- Opening Delimiter -
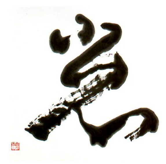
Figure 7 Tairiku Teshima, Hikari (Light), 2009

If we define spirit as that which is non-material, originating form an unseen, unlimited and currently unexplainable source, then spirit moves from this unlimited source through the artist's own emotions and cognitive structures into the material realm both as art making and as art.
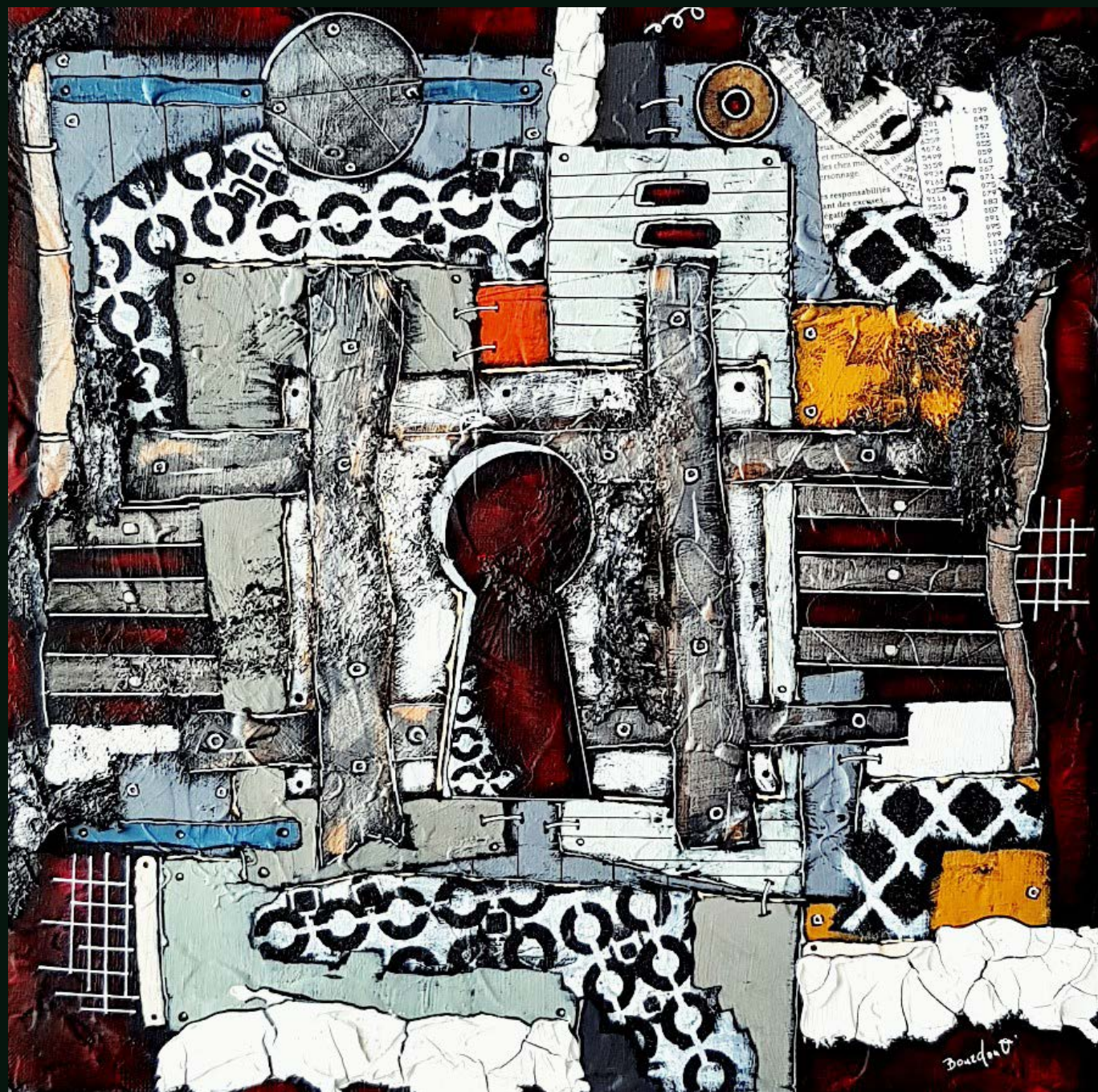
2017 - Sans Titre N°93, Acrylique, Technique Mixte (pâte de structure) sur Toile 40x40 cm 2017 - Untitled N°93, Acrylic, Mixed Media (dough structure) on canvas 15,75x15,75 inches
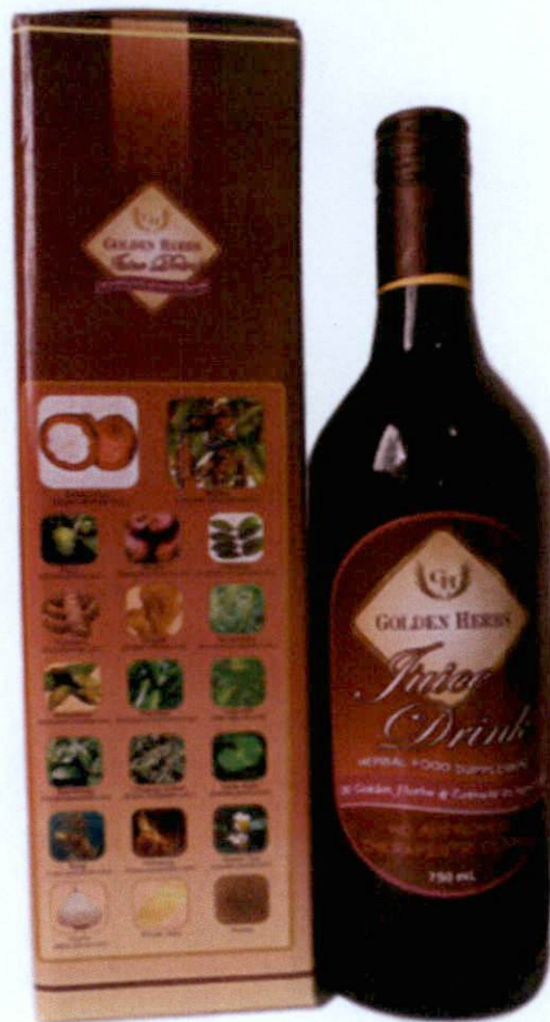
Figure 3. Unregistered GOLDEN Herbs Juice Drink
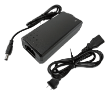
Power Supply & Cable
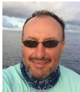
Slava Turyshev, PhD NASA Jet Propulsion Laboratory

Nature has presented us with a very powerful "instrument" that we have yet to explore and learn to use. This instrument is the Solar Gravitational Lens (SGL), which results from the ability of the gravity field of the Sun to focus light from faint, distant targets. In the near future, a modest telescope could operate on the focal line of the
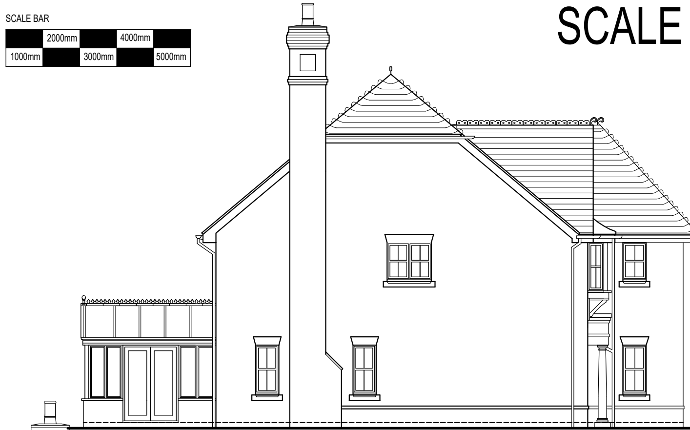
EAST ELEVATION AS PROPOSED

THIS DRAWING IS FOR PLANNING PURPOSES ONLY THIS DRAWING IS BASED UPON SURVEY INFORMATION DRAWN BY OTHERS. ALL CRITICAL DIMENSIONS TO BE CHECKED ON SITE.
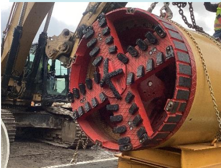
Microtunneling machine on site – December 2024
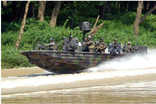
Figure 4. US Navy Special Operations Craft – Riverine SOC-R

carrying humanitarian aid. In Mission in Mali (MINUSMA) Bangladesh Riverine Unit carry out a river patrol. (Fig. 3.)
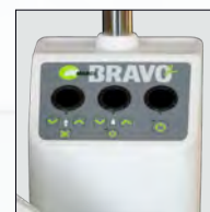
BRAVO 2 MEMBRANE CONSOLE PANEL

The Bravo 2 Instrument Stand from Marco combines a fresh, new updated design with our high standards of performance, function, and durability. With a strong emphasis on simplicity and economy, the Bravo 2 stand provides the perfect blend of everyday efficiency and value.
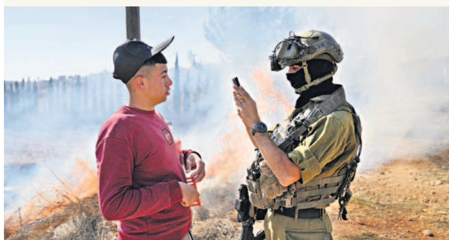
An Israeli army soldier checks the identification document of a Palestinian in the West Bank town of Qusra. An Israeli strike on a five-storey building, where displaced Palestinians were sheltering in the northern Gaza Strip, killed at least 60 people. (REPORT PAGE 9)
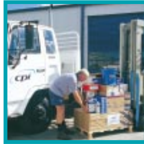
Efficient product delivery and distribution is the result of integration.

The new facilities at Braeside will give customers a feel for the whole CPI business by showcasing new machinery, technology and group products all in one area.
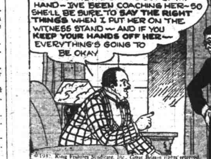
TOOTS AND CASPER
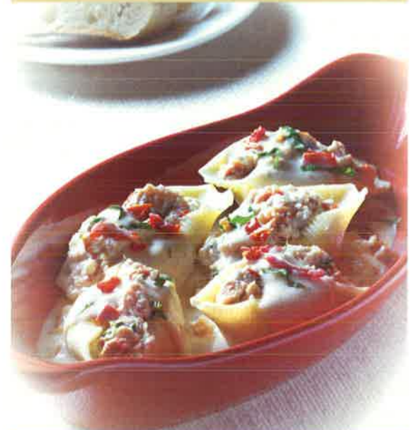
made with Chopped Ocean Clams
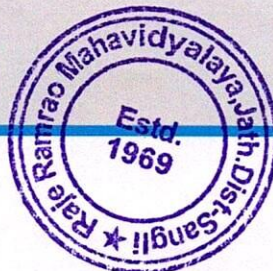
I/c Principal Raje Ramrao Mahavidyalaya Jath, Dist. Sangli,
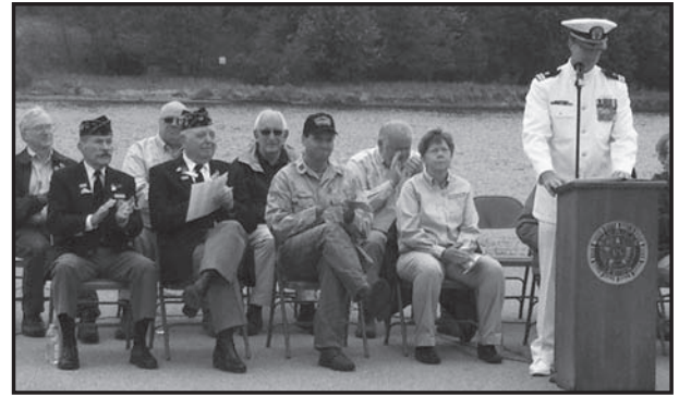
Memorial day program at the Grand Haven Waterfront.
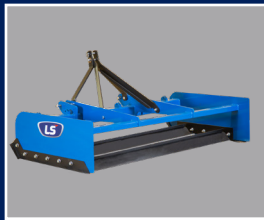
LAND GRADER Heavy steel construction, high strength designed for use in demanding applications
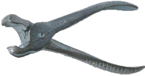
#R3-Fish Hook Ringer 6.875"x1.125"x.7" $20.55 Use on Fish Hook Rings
- Closing Delimiter -
# PROBLEM
Starting at the line that contains "I/c Principal Raje" and ending at the final line of the data, reproduce each line exactly. Pictures stay out of the copy.

# SOLUTION
I/c Principal Raje Ramrao Mahavidyalaya Jath, Dist. Sangli,
Memorial day program at the Grand Haven Waterfront.
LAND GRADER Heavy steel construction, high strength designed for use in demanding applications
#R3-Fish Hook Ringer 6.875"x1.125"x.7" $20.55 Use on Fish Hook Rings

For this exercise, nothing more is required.